I tell her about his “alibi.” And then I mention that there was something weird about Elise’s house, something out of place or something that should have been there and wasn’t, or shouldn’t have been there and was.
“Uh…” Bobbie says “…I guess that would be Elise’s body?”
CHAPTER 3
Design Tip of the Day
The windows in your house are your eyes on the world. They frame the view of your house from both inside and outside and demand treatment. They should reflect your house’s style, be it formal, casual or eclectic. Would you let the world see you without mascara? Don’t let it see your windows without prettying them up, as well.
—From TipsfromTeddi.com
Okay, before you meet my family, there’s something you need to know. I was switched at birth. My parents insist this is not the case, but there is no question in my mind that I am an alien child. Now, by alien I mean either that my real parents were here illegally from some foreign country and there is no Long Island blood in me or that I was switched by body snatchers from another planet.
Either way, I don’t belong here. Never have. This fact has escaped my mother (who, at sixty-eight, is still sure that with enough pressure she can convert me into a real Long Islander) and is irrelevant to my father (who is three years her senior and who I am convinced will love me even after my third eye makes its appearance).

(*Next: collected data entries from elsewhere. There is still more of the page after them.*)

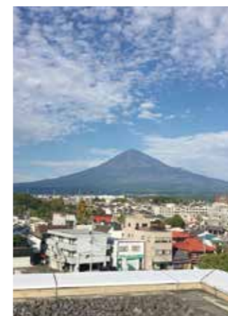
カッコイイ外観(写真上) 5階のテラスからの富士山はとてもキレイ(写真下)

建物について 富士山世界遺産センターの建物には富士ヒノキが使われています。坂(ばん)さんという人が設計してくれたと館長さんは話してくれました。それと、5階ホールにある逆さ富士のカタチをしたイスも坂さんが設計されたそうです。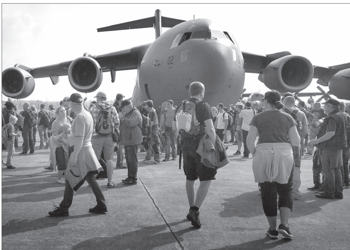
Boeing C-17 Globemaster.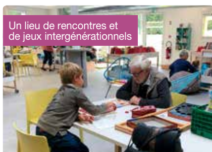
Un lieu de rencontres et de jeux intergénérationnels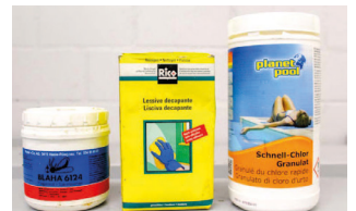
Produits chimiques solides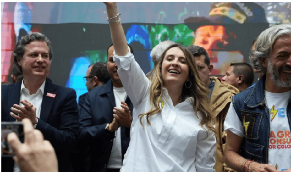
Paloma Valencia, candidata presidencial.

Sin embargo, manifestó que el riesgo de conflictividad social en un eventual gobierno de Valencia sería medio, en comparación con un eventual gobierno de Iván Cepeda , que se ubicaría en estándares entre medios y bajos. Aunque también dijo que las inversiones relacionadas con transición energética y asuntos medioambientales podrían mantenerse en un rango entre medio y alto.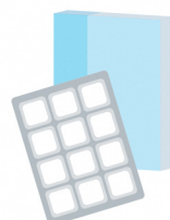
一般用医薬品 (ニコチンパッチなど)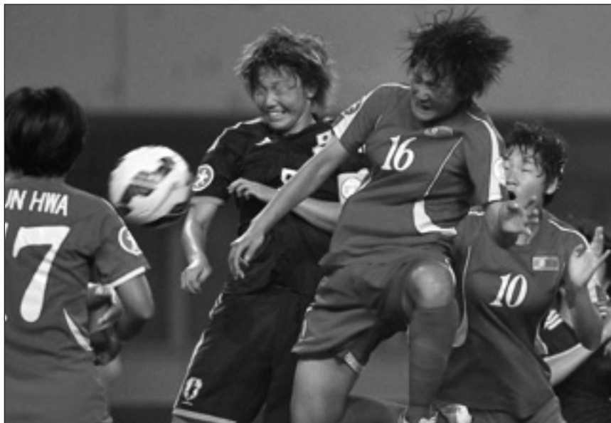
Naisten U19 loppuottelun tunnelmia Japania vastaan.

Heillä oli neljä yhteistä ottelua, joista kolmessa oli toisena avustavana erotuomarina Etelä-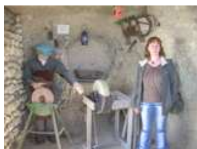
16 DE JUNIO (Margarita en las cuevas trogloditas)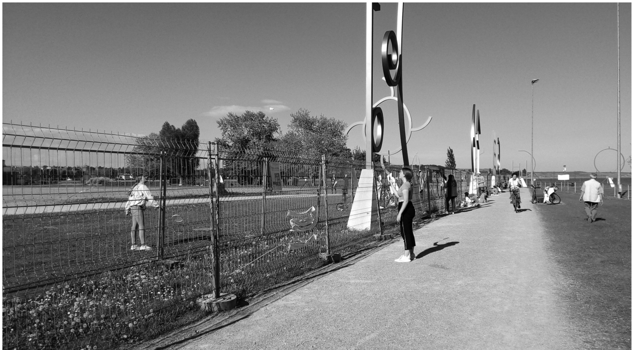
Abb. 2: Doppelter Grenzzaun an der schweizerisch-deutschen Grenze zwischen Konstanz und Kreuzlingen während des ersten Lockdowns 2020.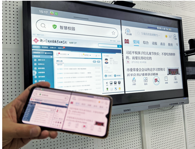
不管是校内还是校外,手机都可以实现内外网无缝切换。

建设拉开了新的序幕。按照计划,下一步,浙江纺织服装职业技术学院将与宁波移动加快推进5G与科研教学的深度融合,打造一系列“5G+智慧校园”标杆示范项目。与此同时,推动5G与时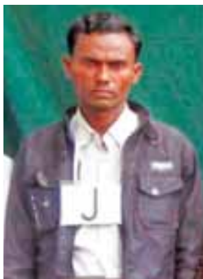
တရားခံ(၃၇) မာမောက်အက္ကဝါ၏ ထွက်ဆိုချက်အရ အကြမ်းဖက် တိုက်ခိုက်ရာတွင် ပါဝင်သူ ဇိုးတန်းကျေးရွာနေ အထစ(၄)၊ နှစ်အာလောင် (၃၀)နှစ်၏ မှတ်တမ်းဓာတ်ပုံ။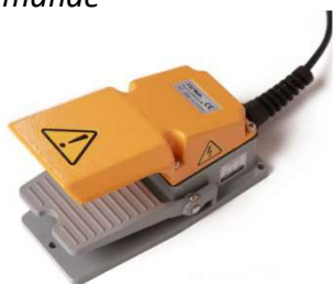
Pédale de commande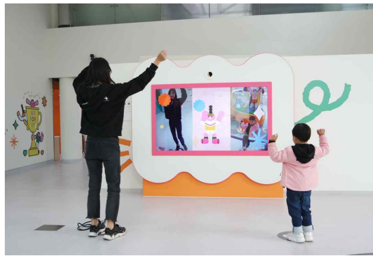
전시 체험 - 4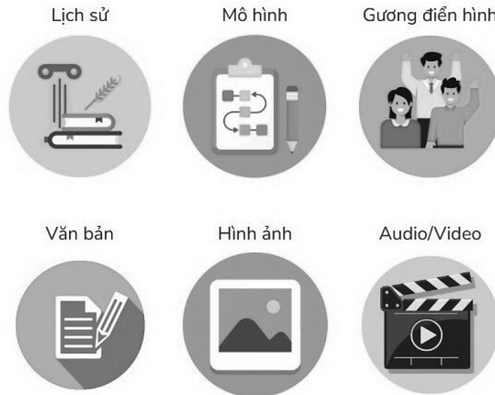
Hình 2. Các bộ sưu tập tư liệu số

Tỉnh Đoàn đã xây dựng 06 bộ sưu tập tư liệu số, trong đó Bộ sưu tập tư liệu số văn bản Đoàn TNCS Hồ Chí Minh và phong trào Thanh thiếu nhi tỉnh Bến Tre với 3.476 văn bản bao gồm công văn, kế hoạch, báo cáo, quyết định, hướng dẫn, nghị quyết, đề án,... được số hóa. Bộ sưu tập hình ảnh với 2.287 hình ảnh, đặc biệt trong đó có gần 200 bức ảnh mô tả công tác Đoàn và phong trào thanh thiếu nhi thập niên 80 và 90 đây là nguồn tư liệu vô cùng quý giá. Bộ sưu tập Audio/Video với 215 video clip bao gồm các video công tác Đoàn và phong trào thanh thiếu nhi, video các cuộc thi do Tỉnh đoàn tổ chức đặc biệt là có các video phỏng vấn cựu cán bộ Đoàn từ tỉnh đến cơ sở với các nội dung phỏng vấn về giới thiệu quá trình và dấu ấn khi tham gia công tác Đoàn, các chia sẻ gửi gắm cho thế hệ trẻ. Ngoài ra, còn có những câu chuyện về gương các thanh thiếu nhi dũng cảm trong hai cuộc kháng chiến. Bộ sưu tập Gương điển hình với 03 nội dung gương điển hình công tác hội, gương điển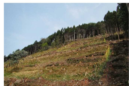
針広混交林事業による広葉樹植栽

手入れ不足のスギ・ヒノキ林の間伐・作業道開設を、森林環境譲与税など公的支援により進め、森林の適正管理を計画的に推進し、水源かん養機能や土砂災害防止機能等の向上を図るとともに、市町を対象とした「ひょうご森づくりサポートセンター」の技術的支援を活用し、奥地等の条件不利地の森林整備など取組を推進します。危険溪流流域の森林や集落裏山の防災機能の強化のため、災害緩衝林や間伐木を利用した土留

My parents clearly intend to take up residence in my house, judging from the number of suitcases and amount of food my father has schlepped in. I will argue them out of this later. I hope.
At the moment, I am watching out the front window of my front-to-back split level home, the one I shared with Rio, while my father paces behind me repeating that he’ll call Mel Rottman—the best lawyer on the South Shore—to talk to the police with me. Each time he says it, I assure him it isn’t necessary.
My mother, however, isn’t so sure that the innocent always go free. This is why she is telling me about a friend of hers who tried to get through customs by sewing undeclared jewelry into her brassiere and claiming it was her underwire bra setting off the metal detectors. It doesn’t matter to June that the woman wasn’t actually innocent. The point is that if a friend of hers could get frisked at JFK, I could wind up on death row.
Even when her stories are tedious, it’s still amusing to watch my mother tell them because of all the cosmetic surgery she’s had since my father’s long-term affair with our housekeeper put her in the sanitarium and him in the dog house. He’s footed the bill for more Botox, collagen and Gore-Tex than Joan Rivers has tried to deduct from her taxes. What’s really amazing is that even though the woman can’t actually frown, grimace or pout, she can still give me “the look”—the one that says “you’re a disappointment, Teddi. You’re such a disappointment.”